Eric Millard, chief commercial officer at CS Energy in Edison, N.J., also advocated for a wider variety of project types beyond the “restrictive” selection outlined in the draft. “The draft effectively restricts the siting of community solar projects to areas in the state that have large rooftops or contaminated sites, and that’s a pretty small subset of New Jersey,” he said.

“We think that community solar projects should be allowed in commercial and industrial zoned parcels,” where solar is allowed under land use laws, he said. In addition, he added, the BPU should add “contaminated agricultural land” to the definition of brownfield sites suitable for community solar projects.

Jake Springer, mid-Atlantic policy director for Nexamp, a Boston-based solar developer, cited the difficulty of pursuing contaminated sites as a reason for the BPU to reconsider its prohibition on co-locating projects on the same site. In cases such as landfill or brownfield development, co-location can provide a “tremendous benefit to making those projects cost effective,” he said.

Under any circumstance, “there’s an argument to be made that those types of projects are disadvantaged relative to others, such as rooftop projects, where the permitting requirements are less,” Springer said. “The ability to co-locate up to 10 MW [on a site], as under the pilot, would allow a number of brownfield and landfill projects to go forward.”

Making a similar point, Lyle Rawlings, president of Mid-Atlantic Solar & Storage Industries Association, suggested the BPU could allow developers to seek a waiver from the prohibition based on a project’s “public benefits” or ability to help the state reach its “policy priorities.”

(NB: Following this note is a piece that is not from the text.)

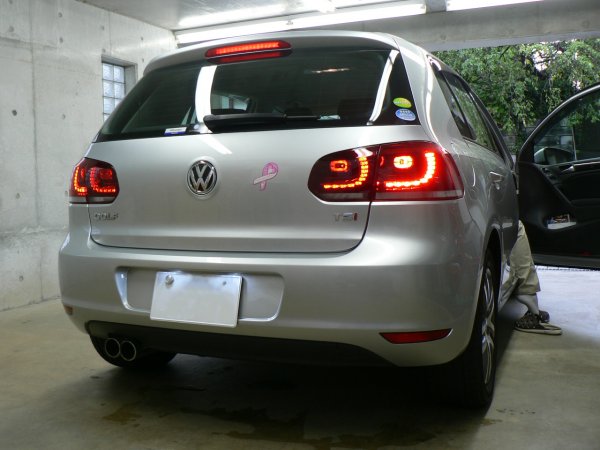 この日4台目のお客様は、シルバーのGolf6 Comfortline (MY2011)で、Golf6 純正LEDテールライトセット by maniacs(ダークレッド(GolfR仕様)2009年45週生産以降の車両用)を装着しました。maniacsではこれまでにGolf6の全てのグレード、年式の車輌にLEDテールライトを装着した実績があります。このノウハウを基に、現在では通販用に構成した商品も取り扱っています。もちろん、maniacs本社工房での取付けも継続しています。maniacsならではの豊富な実績に裏付けられていますので、安心してご注文いただけます。遠路お越しくださるお客様が多いのも、maniacsのひとつの特徴だと思います。シルバーのボディにLEDテールライトが絶妙な雰囲気でマッチしていますね。

Evaluating Project Maturity

Several speakers also questioned whether the state could reach those priorities and the community solar sector could flourish with the program structure outlined in the draft — especially aspects of the criteria of “maturity” needed for a project to be accepted into the program.

BPU officials say the criteria is designed to ensure that under the first come, first served system, only those projects ready to advance — and likely to be implemented — will be allocated valuable capacity in the program.

Joe Henri, of Atlanta-based solar developer Dimension Renewable Energy, welcomed the BPU’s plan to select projects on a first come basis method, while ensuring their quality and readiness by requiring them to meet certain “maturity” measures. Among them would be a requirement that the developer demonstrate the project will be able to connect to the grid by showing that it has an interconnection study completed and the EDC is ready to sign off on the project.

However, Henri said, that will be problematic in the short term because of the current lengthy delays projects face in connecting to the grid and planned reforms to improve the situation are moving slowly.

“Unfortunately, those rules probably aren’t going to be completely in place and completely clarified until late this year or early next year,” he said. He said it would be ideal for the EDC to sign off on a project before it is selected, but that does not usually occur until late in the proves, so an “interim” milestone that shows the project has the requisite maturity needed, he said.

Fred DeSanti, executive director of the New Jersey Solar Energy Coalition, added that the proposal to assess a project’s maturity by whether the EDC has completed a connection study will not only put great pressure on utilities, but will also make them “gatekeepers to this process,” giving them considerable power in deciding which projects go forward. The draft proposal suggests that requirement for projects greater than 1 MW, and smaller projects must only show they have submitted to the EDC an “interconnection agreement.”

“So that this puts the ball in the utilities court completely for making the decision on who wins and who loses based upon the first come, first served” selection structure,” he said. “To that end, we think it’s important that the industry understand how the EDCs will work through this significant surge in workload [and] the protocols and priorities that they may establish in conducting this work.”